About this exercise: Each line, starting at the one with "Sage The Label" and running to the end of the data below, is to be set down again exactly, both ends included; leave pictures out.

Data block:
-*-*-
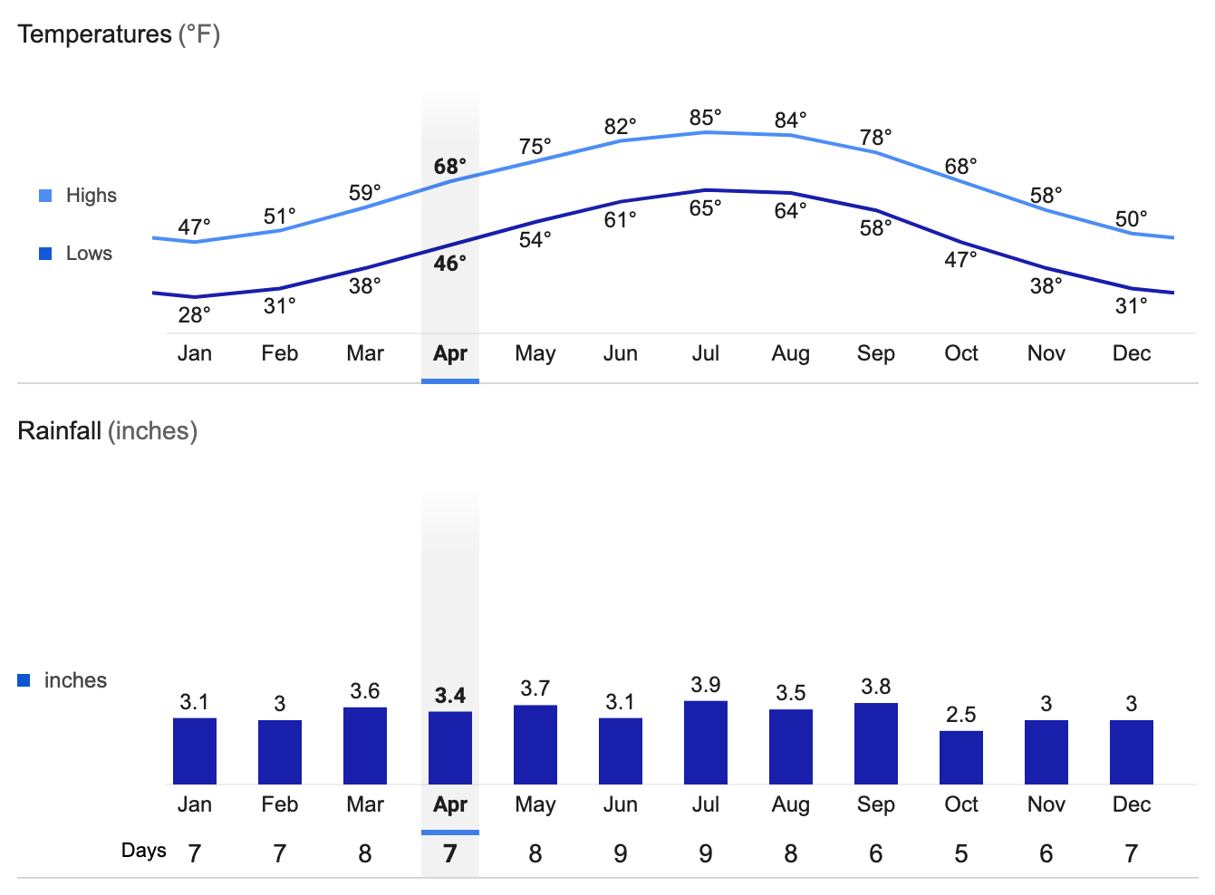 Asheville Average Temperatures and Rainfall
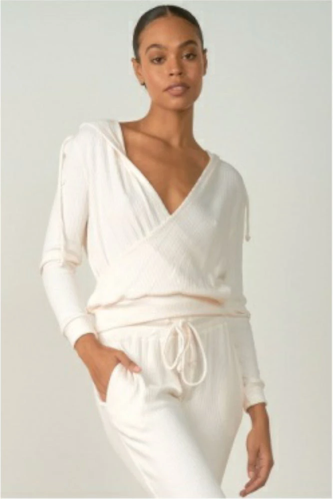 Sage The Label Elan Rib Long Sleeve Hoodie – CREAM
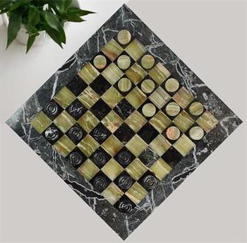 대리석 녹색 검은 체커 보드 게임 수제 돌 보드 조각 현대 프리미엄 대리석 게임 세트 안전한 거실 주방
-*-*-
Solved problem:
 Sage The Label Elan Rib Long Sleeve Hoodie – CREAM
 대리석 녹색 검은 체커 보드 게임 수제 돌 보드 조각 현대 프리미엄 대리석 게임 세트 안전한 거실 주방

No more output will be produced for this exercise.